Au Cambodge, la coutume du laquage des dents est éteinte depuis un siècle. Elle visait à conjurer le sort des dents blanches considérées comme portant malheur. Traditionnellement, le laquage des dents avait lieu à différents moments pour l’homme ou pour la femme. Pour l’homme, c’était lors d’une cérémonie précédant l’ordination et pour la femme c’était à la sortie de sa réclusion forcée chez ses parents lors de la puberté. À Bornéo, Pfeiffer décrit, en 1850, une pratique qui consistait à noircir les dents (Jones, 2001). Le résultat donnait l’impression d’un vernis noir sur les dents et son but, outre l’effet protecteur contre les caries, en était le refus d’avoir des dents blanches considérées comme convenables et seyantes uniquement pour les chiens et les européens !
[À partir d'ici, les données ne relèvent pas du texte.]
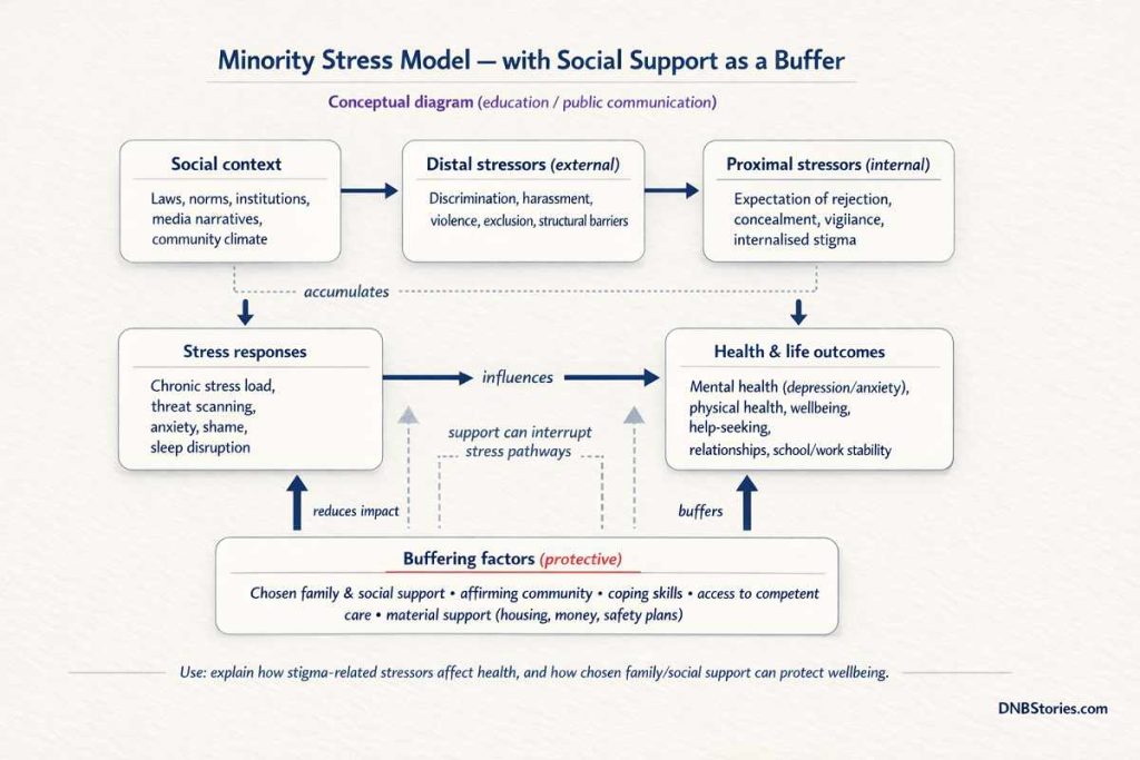 Chosen family steps in when biological family, faith communities, or institutions respond with rejection or sanction, offering stable emotional care and practical support that protect wellbeing and sustain resilience (Frost et al., 2016)[3].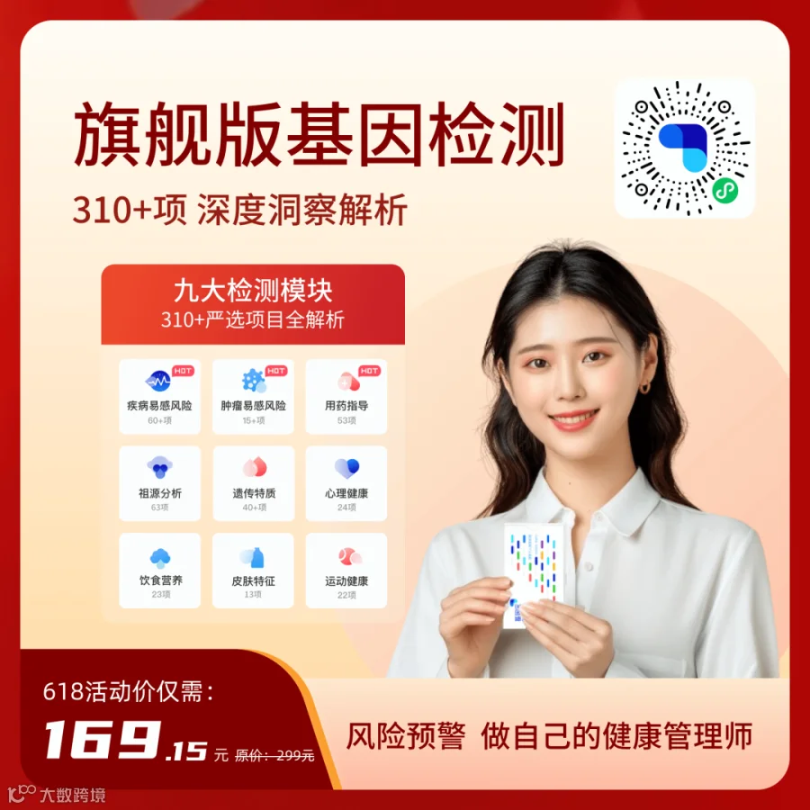 包含祖源、遗传特质、心理健康、饮食营养、皮肤特征、运动健康、疾病易感风险、肿瘤易感风险、用药指导9大板块,共310+项目全解析,每个人都可以做自己的“健康管理师”。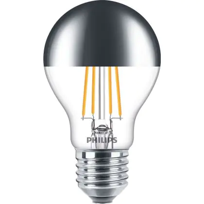 La Philips MASTER Value LED Bulbo E27 Pera Mirror 7.2W 650lm – 827 Bianco Molto Caldo | Miglior resa cromatica - Dimmerabile - Sostitutiva 60W è la perfetta sostituzione per la tua lampada convenzionale 50W con attacco E27 grazie alla sua tecnologia LED. Passare a LED ti offrirà tanti vantaggi!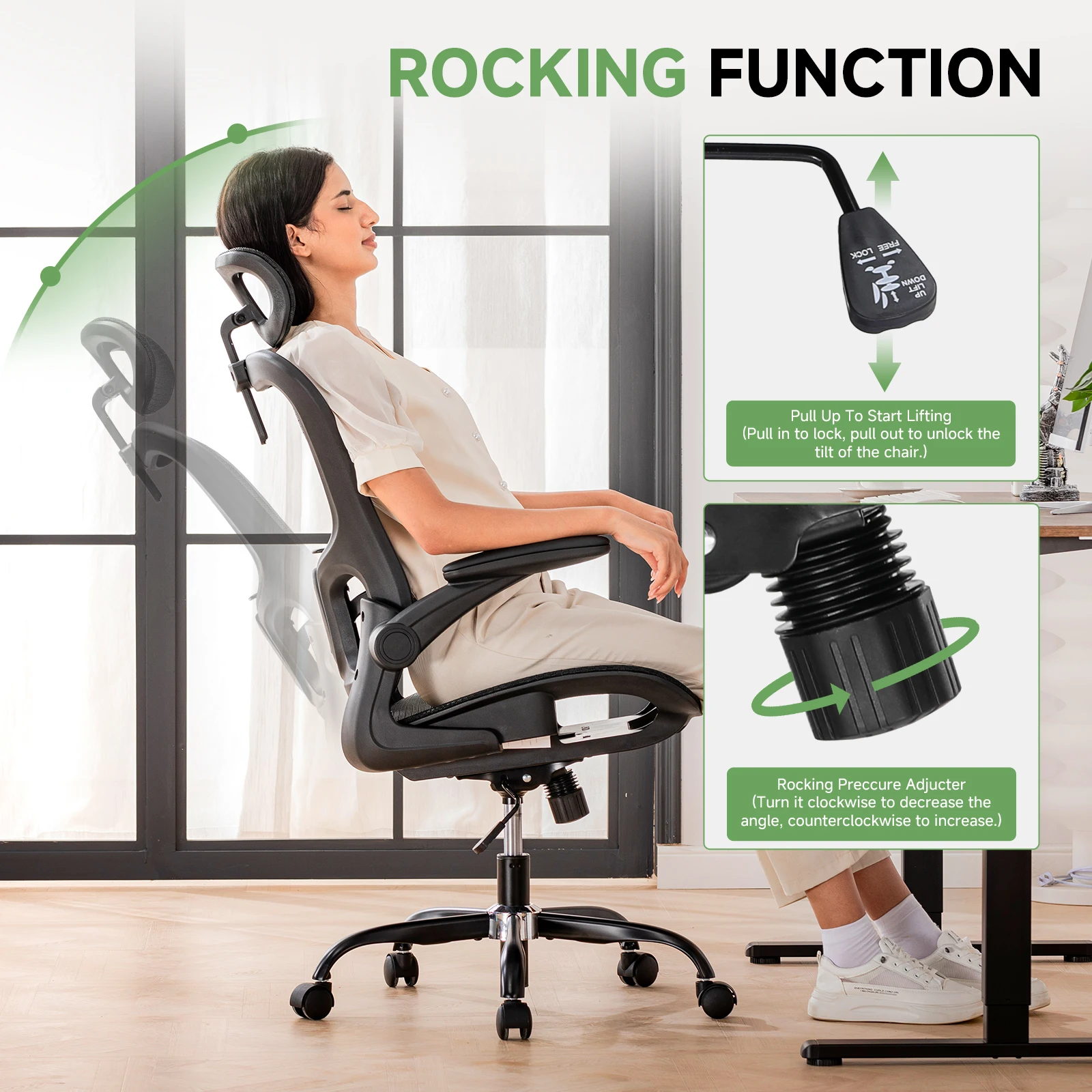 β‘Snel bekijkenJHK Ergonomische Liggende Hoge Rug Mesh Woonkamer Schommelstoel Gaming Stoel Computer Bureau Draaibaar Rollend Lendensteun Kussen93.39 EUREUR 223.31Hotβ β β β β β 4.9

À Bornéo existent diverses pratiques de mutilations dentaires. Par exemple, lors d’une cérémonie à la puberté, les dents antérieures sont taillées en pointes. Cette coutume a un but esthétique mais aussi religieux et social.

L’or représente un signe extérieur de richesse pour beaucoup de peuples. Les sourires affichant des dents en or sont très courants dans toute l’Asie centrale. Par exemple, au Turkménistan, les personnes soucieuses d'afficher leur appartenance à l'élite (Fig. 2452) troquaient leurs dents saines contre des prothèses en or et les jeunes filles privées de cette parure étaient appelées des "sans-dot".